Peatlands are critical ecosystems that serve as the largest terrestrial carbon sinks, host unique biodiversity, and regulate hydrological cycles. Peat extraction, however, has significant environmental consequences, including carbon release and ecosystem degradation. As global awareness of these issues grows, the demand for sustainable alternatives in horticulture has become urgent [10,11]. Based on experimental results and the analytical description of complex organic compounds, it is possible to develop models of energy and mass balances for the digestion of waste such as OMW [12]. Central full-scale OMW treatment plants that collect OMW from over 20 olive mills reduce harmful and hazardous impact on the environment. Integrated treatment plants, which combine the use of biogas for energy and heat and the sale of digested slurry as a replacement for peat moss, may help to cover treatment expenses and contribute to reducing climate change. In addition, the overall efficiency of such a project will be improved by the energy savings and replacement of peat moss. Thus, efforts are focused not only on realizing “OMW treatment”, but also on directly or indirectly enabling the generation of products to be used sustainably in horticulture. These efforts are in line with other efforts to replace peat moss [13], with TAMD as a commercial biotech process enabling organic materials to re-enter the environmental cycle. As an industrial process, TAMD may help to solve problems of environmental pollution and recovery of natural resources but needs special efforts for stable and efficient operation. The process design and economic efficiency of biogas plants presented herein is primarily related to the possible use of biogas to generate energy and local use of the heat by CHP generators, while selling the digested slurry after treatment as casing soil for horticulture in greenhouses. It presents the EU Green Deal strategy and a circular economy approach that can contribute to climate change mitigation through the reduction of CO2 emissions by reducing use of peat [10] as well as influencing soil health by stopping the distribution of raw OMW on land. It involves reducing the excavation of peat moss, which release vast amounts of stored carbon into the atmosphere, contributing to greenhouse gas emissions (10). Reducing reliance on peat moss in the horticulture sector is a critical step in mitigating these impacts.

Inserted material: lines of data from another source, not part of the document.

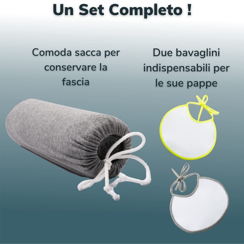 Baby Sling (100% Made in Italy) with 2 Bibs Including - Sling Made of Organic Cotton - Baby Sling Newborn Soft, Lightweight, Breathable, Suitable for up to 15 kg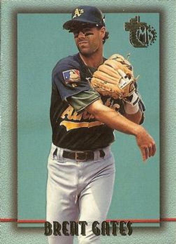 The Brent Gates 1995 Topps Embossed #17 Base card is 1 of 2 Brent Gates' card variations in the 1995 Topps Embossed set being tracked by Sports Card Investor, including Golden Idols.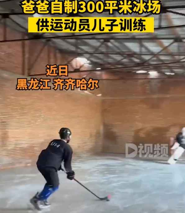 爸爸自制300平米冰场供儿子训练 ,妈妈:孩子是冰球运动员

OMW production in the southern Mediterranean countries is considerable. According to official data and estimates from the International Olive Council (IOC) executive secretariat (Fig. 1)[14] world production for the 2024/25 crop year could reach 3,375,500 tons, an increase of 32% from the previous year. IOC member countries are forecast to produce 3,193,000 t, or 95% of the world total in 2024/25, an increase of 33% from the previous year. World consumption of olive oil could reach 3,064,500 t, an increase of 10% from the previous year.
We propose that OMW has remarkable potential for bioenergy production. OMW should be considered as part of an economic approach to promote a cleaner and more viable process for a sustainable future. The increasing use of olive oil in the world demonstrates opportunities for the sector’s development. The possibility of producing OMW-based energy is currently not fully exploited due to obstacles in cooperation between OMW and biogas producers, mainly due to a lack of full economic understanding. Consequently, the potential environmental and economic benefits are not achieved [15]. Improper disposal of OMW results in several environmental problems, including eutrophication of lakes and rivers, pollution of underground water and soil [16], and the emission of odor and greenhouse gases (GHG) to the environment. Despite these problems, OMW may be a valuable resource if incorporated into a circular concept. We propose new approaches focusing on digestion of the organic matter in a central location over the entire year (and not only during the olive harvest season) and reduction in polyphenol concentration, while recovering and reusing the process products to produce alternative energy (biogas) and as a substitute for peat moss in horticulture. Environmental and policy issues associated with olive oil production are specific to the Mediterranean countries, and regardless of location, these issues generally include application of OMW to land and potential discharge of pollutants (chemical oxygen demand [COD] and polyphenols) and pathogenic bacteria to surface and groundwater [17], and aerial emissions of ammonia, methane, pathogens, and odor [18]. As olive oil is traditionally produced by many small operators, the resulting wastewater is difficult to monitor and affects wastewater treatment plant (WWTP) utilities during the olive harvest season.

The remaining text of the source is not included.